DATASET CONTENT:
--- --- ---

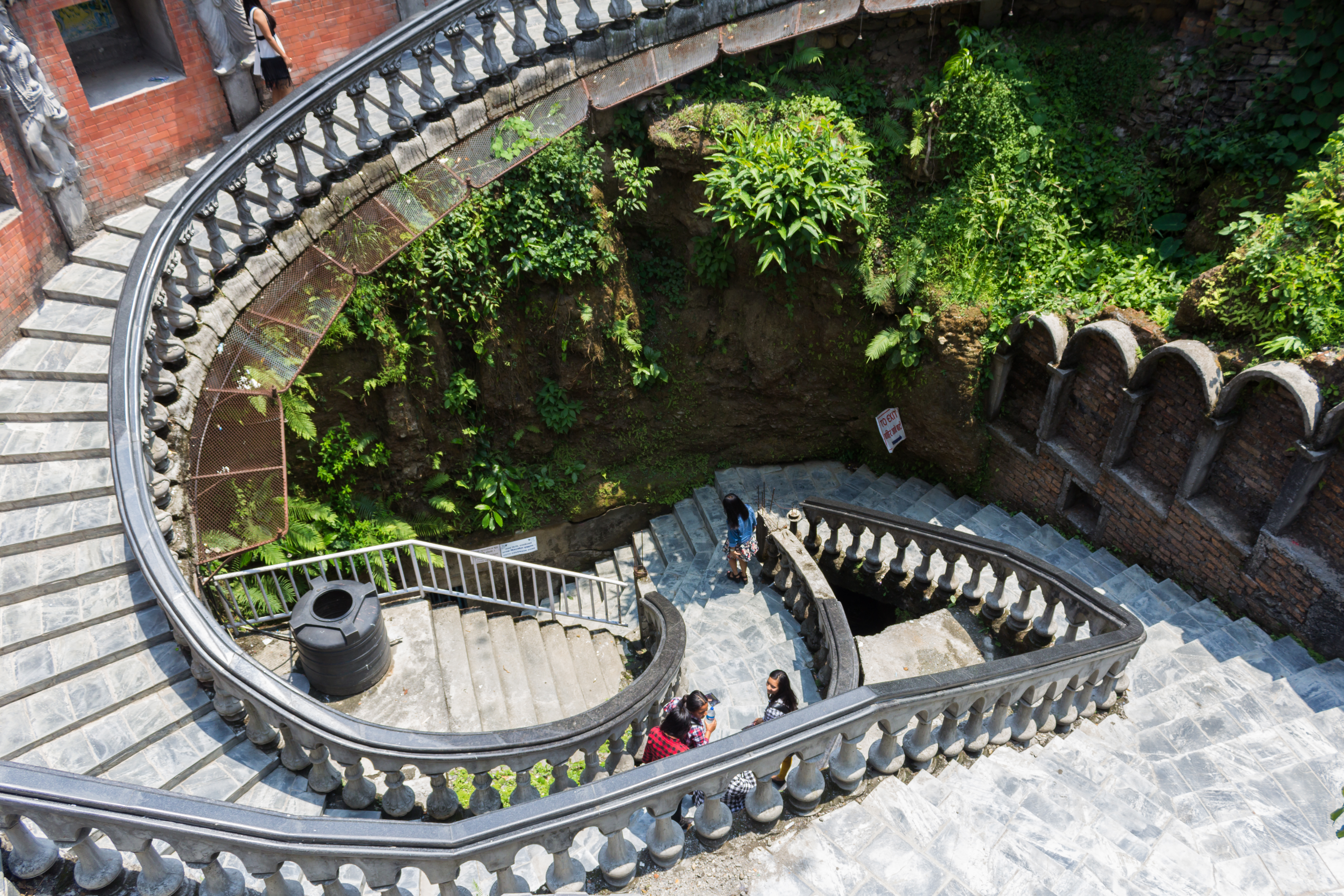 Gupteshwor Mahadev Cave
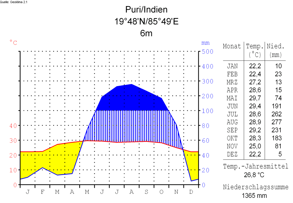 climate chart in the format by Walter and Lieth, metric, °Celsisus and millimeters, made with Geoklima 2.1
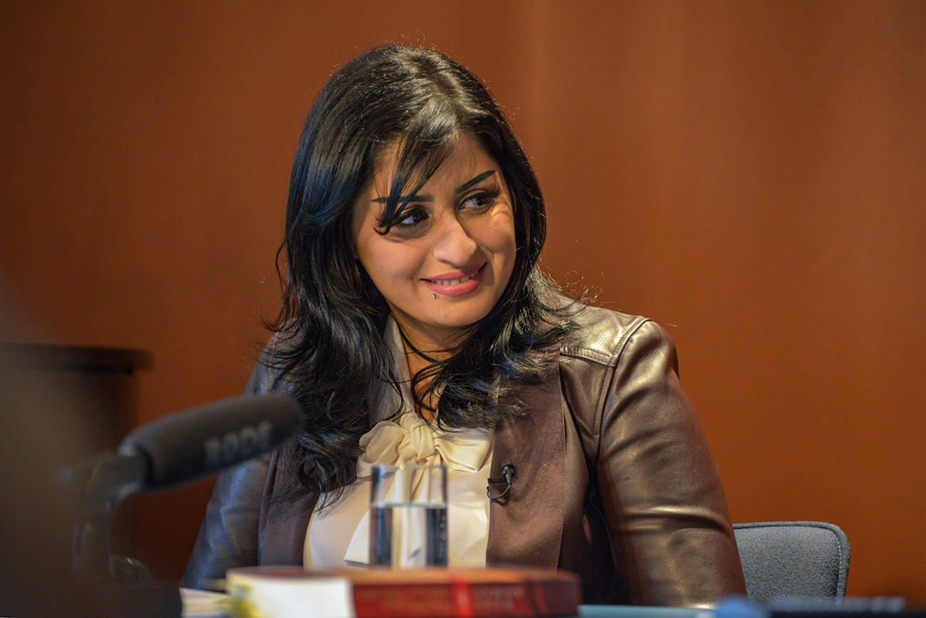 Autorin Rana Ahmad hält Lesung ihres Buches "Frauen dürfen hier nicht träumen" in Oberwesel, Dr. Michael Schmidt-Salomon moderiert Lesung 14. Januar 2018

--- --- ---

PROMPT: Copy out the lines exactly as written, beginning with the one that contains "climate chart in" and ending with the last line of the material; do not include pictures.

RESULT OF THE EXERCISE:
 climate chart in the format by Walter and Lieth, metric, °Celsisus and millimeters, made with Geoklima 2.1
 Autorin Rana Ahmad hält Lesung ihres Buches "Frauen dürfen hier nicht träumen" in Oberwesel, Dr. Michael Schmidt-Salomon moderiert Lesung 14. Januar 2018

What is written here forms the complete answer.